Le Stade Brestoa n’est plus en rade ! 19 ans que le peuple de Francis Le Blé attendait cela. En effet, la Tribune Foucault, Pen Huel, le Kop ou encore le Pénalty Bar ont connu la délivrance la semaine dernière. Oui, Brest revient en D1, comme on disait à l’époque. Sir Alex et Coco Martins à la baguette en coulisses, Nolan Roux, Grougi et Elana à la manœuvre sur le terrain: la pointe de la Bretagne réapparait sur la carte du foot. Les Ti Zefs de Brest même font de nouveau partie de l’élite et Miossec va  sans aucun doute nous refaire une chanson.

(Le Stade Brestois version 86/87)

Fidèle du Stade, cette montée est l’aboutissement d’un espoir qui s’est longuement fait attendre. Soudain nostalgique, des souvenirs me reviennent en tête: le slogan « la D2 en 2002″ ; les matchs de CFA contre Plabennec; Lérand sur son aile; Cado dans les buts; un match de folie où Guyon avait fait expulser 4 joueurs de l’équipe adverse et où l’arbitre avait arrêté le match; des rencontres amicales d’avant-saison pleines de nouvelles têtes à Landivisiau, Bénodet ou Cléder; un penalty salvateur de Garin au Sept Deniers à Toulouse, un record d’affluence en National contre Reims, une volée victorieuse de David à l’ultime seconde, un gars du Nord à la gueule cassée (non ce n’est pas Jacky Le Gall) qui dès son premier contrôle nous avait conquis, Sahnoun, Marc-Antoine Fortuné, Malm, le président Jestin… Sans oublier les relances de Sergent, Lazar Popovic ou le sosie de Benigni ramasseur de balle et douxième homme !

Arrêtez moi ! Voilà, je fais mon supporter du stade brestois. Je vous sers la nostalgie à la sauce armoricaine.

(Si c’est pas du logo cela…)

En effet, si vous croisez un supporter du Brest 29, il écoute plus Nostalgie qu’Europe, si vous voyez ce que je veux dire. Pour preuve, ayant été souvent exilé, j’ai régulièrement retrouvé des membres de la diaspora brestoise au détour de quelques comptoirs. A chaque fois, autour de quelques verres, voici la discussion que vous aviez :

- Et on avait une sacré équipe quand on était en D1 ? Il y avait qui déjà ? (question entendue, juste pour servir de madeleine)

- Eh ben, on avait Julio César, le libéro de l’équipe du Brésil et Brown qui avait été champion du Monde avec Maradona en 86. Il avait même marqué en finale contre les allemands je crois.

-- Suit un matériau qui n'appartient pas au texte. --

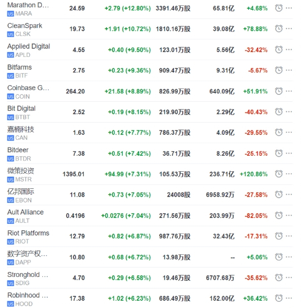 美数字货币概念股普遍上涨,MarathonDigital涨超11.5%,Bitfarms涨9.8%Applied Digital、CleanSpark、亿邦国际ADR至少涨约9.1%,数字货币交易所Coinbase涨超7.9%,Bit Digital和嘉楠利技 ADR涨超 7.7%,微策投资涨约 6.9%。
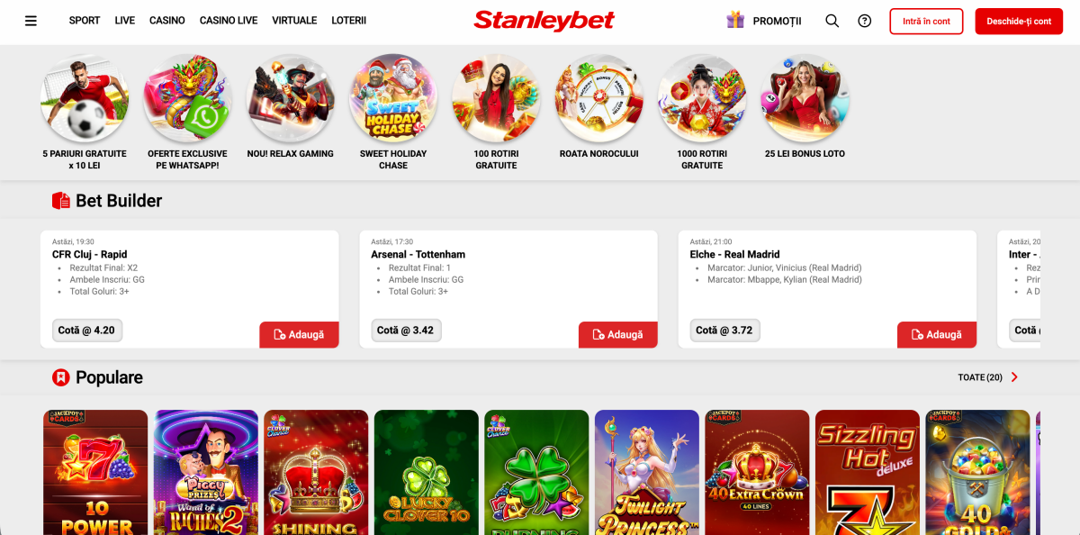Secțiunea de Stanleybet pariuri este cu siguranță punctul forte al operatorului. Pariorii români pot alege dintr-o varietate impresionantă de sporturi, de la fotbal, tenis și baschet până la sporturi mai mici sau sporturi virtuale. Piețele de pariere sunt foarte diverse, cu handicapuri asiatice, scor corect, număr de cornere și multe altele. Cotele sunt foarte competitive, mai ales la evenimente mari. Plasarea rapidă a biletelor în sistem, combo sau simplu este posibilă pe platformă. Fanii fotbalului vor aprecia în mod deosebit acoperirea oferită de ligile românești și competițiile europene de top.

- Et, le père de l’attaquant du Real, Higuain. Tu te souviens aussi de l’arrivée de Cabanas ? Yvinec l’avait chipé au cartel de la drogue en Colombie. Quelle histoire ! Mais cela en valait la peine, quel talent il avait lui ! Tapia, lui, c’était moins cela.

(Le papa de Gonzalo)

- Je me souviens aussi des virées de Pardo avec Joël Henry en ville, quel fêtard celui là ! Ils ne devaient pas être frais avant tous les matchs voire même pendant…

- Puis, faut dire que toute la grande équipe du PSG est passée par Brest. Les Le Guen, Guérin, Cloarec, Lama, Ginola, Colleter….et j’en oublie surement ! Qui sait ce qui ce serait passé s’ils étaient restés…(Soupirs) De toute façon, le PSG, ils ont toujours aimé les brestois avec Yvon Le Roux ou Loulou Floch…

- Et comment il s’appelait le goal argentin qui arrêtait tous les pénalty ?

- Goycochea !  Pour celui là c’est Charly Chaker qui avait fait le chèque… Il n’est pas resté très longtemps.

- Enfin, on a avait aussi Momo comme capitaine. Maurice Bouquet, quel joueur ! Sans compter Bernard Ferrer, Barrabé, Bosser, Buscher… Il y en avait du beau monde ! Plus d’une équipe se sont cassées les dents à Francis Le Blé.

- et Claude Makélélé et Guivarch qui ont aussi été formés à Brest…

Bon, je vous épargne la suite de la discussion car les souvenirs se font en général de plus en plus brumeux au fil de la soirée. Et  ce n’est pas dû au crachin. En effet, un brestois est rarement capitaine de soirée. Je  vous épargne aussi les discussions d’un troisième type avec un exilé plus ancien car là, on en reprend pour des heures avec les Vabec, Kéru, les derby contre l’ASB voire même avec Alex Thépot…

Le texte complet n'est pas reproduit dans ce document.